How efforts set stage for development of more innovative, competitive companies

Charles Tribbett, John Rogers (Images: File)

Charles Tribbett, John Rogers (Images: File)

For more than a decade, the Black Corporate Directors Conference has pushed to create effective and activist board members while serving as an enduring power network. Founders John Rogers and Mellody Hobson, CEO and president, respectively, of BE 100s asset manager Ariel Investments, and Charles Tribbett III, a senior partner with executive search firm Russell Reynolds Associates, have used their organization as a tool to design boards that create shareholder value through the highest standards of corporate governance and inclusive membership.

The trio believes their mandate will set the stage for the development of more innovative, competitive companies in the global environment. Rogers, a corporate director for McDonald’s Corp. and Exelon who uses as one of his guides a copy of Martin Luther King Jr.’s “Letter From A Birmingham Jail” that he has kept tucked in his wallet, often asserts: “I’m going to help with the diversity initiatives of the corporate boards I’m on because it is not only the morally right thing to do, but it is also going to enhance the success of the business.”

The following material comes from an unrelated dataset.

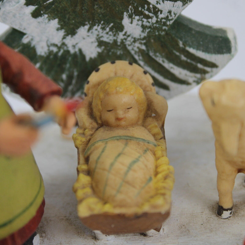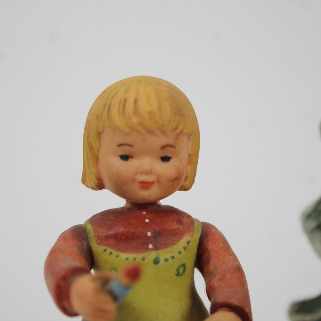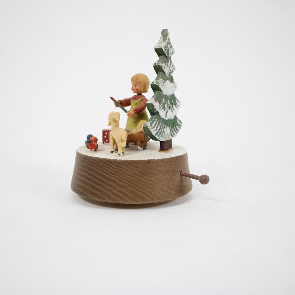 Anri Silent Night Wood Multi Color Xmas Tree With Girl 5" Music Box Figurine

RELATED: Black Enterprise’s Exclusive Registry of African American Board Members

In this exclusive interview with Editor-In-Chief Derek T. Dingle, Rogers and Tribbett shared the ongoing mission of the BCDC and how black board participation helps drive the advancement of global business by recruiting new brand of leadership talent to corporate America.

Black Enterprise: Share with our audience how black board representation significantly expands opportunities for all. Are we realizing the impact of black on boards?

Charles Tribbett III: When blacks go on boards, they are part of the CEO succession planning. [You have someone to fight] for candidates that can be elevated to the president role or presidents of divisions where African Americans are now running two, three, five billion-dollar P&Ls for a company. Even if they don’t get the CEO job, they get recruited to become candidates for CEO opportunities elsewhere.

The more you have on the board, the greater odds diversity occurs at the company across the board … the better opportunities we have for diversity to be given in donations for foundations or not-for-profit organizations … the better chance we have on African Americans that are in the treasurer’s job, and for these [corporations] will begin to give business to a more diverse group of financial services firms. All of that trickles down by simply having African Americans on board. There’s a tremendous effect on the corporate board, which filters all the way to the company, and ultimately affecting America and blacks.

We have seen some African American board members become a part of the consideration set and, in some cases, gain CEO slots. Do you think we are going to see more of that activity in the future?

John Rogers: Once we are there and people see us, alongside white directors, more often than not I see African American directors move into these leadership roles. People say, “Hey, these guys are pretty good here. Actually they are really the best, we are going to make them chairman of the whole company or CEO.” It shows how talented our folks are. We just need an opportunity to get in the room.